Probe of Manhattan DA's Prosecutorial Misconduct Widens

Doubting Case, a Prosecutor Helped the Defense
The New York Times by BENJAMIN WEISER - June 23, 2008

The Manhattan district attorney, Robert M. Morgenthau, had a problem. The murder convictions of two men in one of his office’s big cases — the 1990 shooting of a bouncer outside the Palladium nightclub — had been called into question by a stream of new evidence. So the office decided on a re-examination, led by a 21-year veteran assistant, Daniel L. Bibb. Mr. Bibb spent nearly two years reinvestigating the killing and reported back: He believed that the two imprisoned men were not guilty, and that their convictions should be dropped. Yet top officials told him, he said, to go into a court hearing and defend the case anyway. He did, and in 2005 he lost. But in a recent interview, Mr. Bibb made a startling admission: He threw the case. Unwilling to do what his bosses ordered, he said, he deliberately helped the other side win. He tracked down hard-to-find or reluctant witnesses who pointed to other suspects and prepared them to testify for the defense. He talked strategy with defense lawyers. And when they veered from his coaching, he cornered them in the hallway and corrected them. “I did the best I could,” he said. “To lose.”

Today, the two men are free. At the end of the hearing, which stretched over six weeks, his superiors agreed to ask a judge to drop the conviction of one, Olmedo Hidalgo. The judge granted a new trial to the other, David Lemus, who was acquitted in December. Mr. Bibb, 53, who said it was painful to remain in the office, resigned in 2006 and is trying to build a new career as a defense lawyer in Manhattan — with some difficulty, friends say, in a profession where success can hang on the ability to cut deals with prosecutors.

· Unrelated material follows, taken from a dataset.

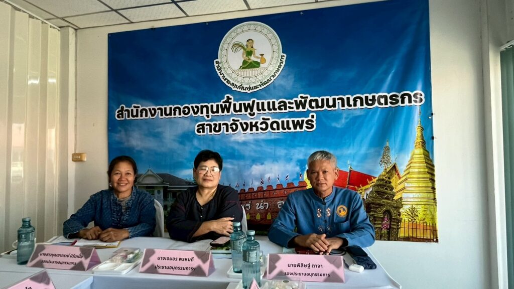 ณ ห้องประชุมสำนักงานกองทุนฟื้นฟูและพัฒนาเกษตรกร สาขาจังหวัดแพร่

Mr. Morgenthau’s office would not comment on Mr. Bibb’s claims. Daniel J. Castleman, chief assistant district attorney, would say only: “Nobody in this office is ever required to prosecute someone they believe is innocent. That was true then, as it is now. That being the case, no useful purpose would be served in engaging in a debate with a former staff member.” The office has said it had good reason to believe that the two men were guilty. Yet whatever the facts of the murder, the dispute offers an unusual glimpse of a prosecutor weighing the demands of conscience against his obligation to his office, and the extraordinary measures he took to settle that conflict in his own mind. “I was angry,” Mr. Bibb said, “that I was being put in a position to defend convictions that I didn’t believe in.” The case also reveals a rare public challenge to one of the nation’s most powerful district attorneys from within his office. As the hearing unfolded in 2005, Mr. Morgenthau, running for re-election, was sharply criticized by an opponent who said he had prosecuted the wrong men.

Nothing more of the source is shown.